We hope you find it useful!
The following jupyter notebook includes examples to read a TIMES
times series into Python using pandas and xarray, and also how to join the times series for different heights to a single xarray dataset. We also include some examples of easy summaries and visualizations that can be done with the read output.
The file at 100m for the Sample TIMES run was downloaded from the Vortex interface for this exercise, at local time zone (+2 UTC). There are three lines on top that give information about the site coordinates, and the file height, timezone and request time:
Lat=-32.556797 Lon=20.691242 Hub-Height=100.0 Timezone=02.00 (file requested on 2023-12-20 14:16:13 UTC0)
VORTEX (www.vortexfdc.com) - Computed at 333m resolution based on ERA5 data
Next, the timeseries data is saved in fixed-width columns (ie, the columns are separated by one or multiple white spaces so that the columns are aligned). The first two columns give information about the date and time, and the other columns the variables of the dataset including the units (as explained in this previous post form the TIMES Blog Series).
YYYYMMDD HHMM M(m/s) D(deg) SD(m/s) T(C) De(k/m3) PRE(hPa) RiNumber RH(%) RMOL(1/m) VertM(m/s)
20100101 0200 6.81 73.3 0.54 14.4 1.01 834.3 0.37 81.1 0.0004 -0.04
20100101 0210 6.99 75.6 0.60 14.5 1.01 834.3 0.70 81.2 0.0006 -0.09
20100101 0220 6.72 69.6 0.41 14.8 1.01 834.3 0.14 82.1 0.0009 -0.07
...
We can open it in python as a pandas DataFrame using pandas.read_csv()

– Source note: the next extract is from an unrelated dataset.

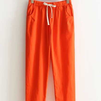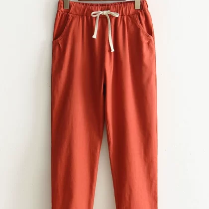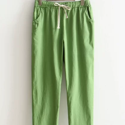 | nameOriginal | Spring and summer large size candy-colored washed cotton and linen women's pants, loose casual pants, nine-quarter pants, harem pants, versatile petite pants |

with the following options:
import pandas as pd
file = 'example_txt/vortex.times.677619.6m 100m UTC+02.0 ERA5.txt'
df = pd.read_csv(file, sep=r"\s+", skiprows=3, header=0, names=None,
parse_dates={'time': [0, 1]}, index_col='time')
df
M(m/s) | D(deg) | SD(m/s) | T(C) | De(k/m3) | PRE(hPa) | RiNumber | RH(%) | RMOL(1/m) | VertM(m/s) | |
---|---|---|---|---|---|---|---|---|---|---|
time | ||||||||||
2010-01-01 02:00:00 | 6.81 | 73.3 | 0.54 | 14.4 | 1.01 | 834.3 | 0.37 | 81.1 | 0.0004 | -0.04 |
2010-01-01 02:10:00 | 6.99 | 75.6 | 0.60 | 14.5 | 1.01 | 834.3 | 0.70 | 81.2 | 0.0006 | -0.09 |
2010-01-01 02:20:00 | 6.72 | 69.6 | 0.41 | 14.8 | 1.01 | 834.3 | 0.14 | 82.1 | 0.0009 | -0.07 |
2010-01-01 02:30:00 | 6.91 | 67.4 | 0.42 | 14.4 | 1.01 | 834.2 | 0.65 | 83.6 | 0.0011 | -0.05 |
2010-01-01 02:40:00 | 6.42 | 71.0 | 0.50 | 14.1 | 1.01 | 834.2 | 0.40 | 84.8 | 0.0013 | 0.07 |
... | ... | ... | ... | ... | ... | ... | ... | ... | ... | ... |
2023-10-30 01:10:00 | 18.84 | 74.0 | 1.32 | 0.1 | 1.07 | 837.8 | 0.21 | 86.6 | 0.0000 | -0.42 |
2023-10-30 01:20:00 | 17.19 | 73.6 | 1.44 | 0.3 | 1.07 | 837.7 | 0.40 | 88.6 | 0.0000 | -0.02 |
2023-10-30 01:30:00 | 19.76 | 74.9 | 1.40 | 0.2 | 1.07 | 837.8 | -4.26 | 90.4 | 0.0000 | -0.54 |
2023-10-30 01:40:00 | 17.59 | 72.6 | 1.71 | -0.0 | 1.07 | 837.7 | 0.53 | 92.3 | 0.0000 | 0.28 |
2023-10-30 01:50:00 | 18.66 | 73.8 | 1.46 | -0.0 | 1.07 | 837.7 | -0.09 | 94.0 | 0.0000 | 0.84 |
727200 rows × 10 columns
However, using only this function we lose the information about the coordinates and the UTC which is in the header of the file. That is why we defined a function which is a little bit more complete that handles the coordinates, corrects the local time-zone and returns a dataframe with more standard variable names.
import numpy as np
from typing import Dict, Tuple
def read_vortex_times_pandas(filename: str) -> (Tuple)[pd.DataFrame, Dict[str, float]]:
"""
Read typical vortex time series from TIMES product
We return a pandas dataframe at utc 0 (universal time zone)
Parameters
----------
filename: str
Returns
-------
data: pd.DataFrame
Time series with time index
coords: Dict[float]
Coordinates (keys: lat, lon and lev)
"""
patterns = {'Lat=': 'lat', 'Lon=': 'lon', 'Hub-Height=': 'lev'}
# Look at the first line of the text file (the header)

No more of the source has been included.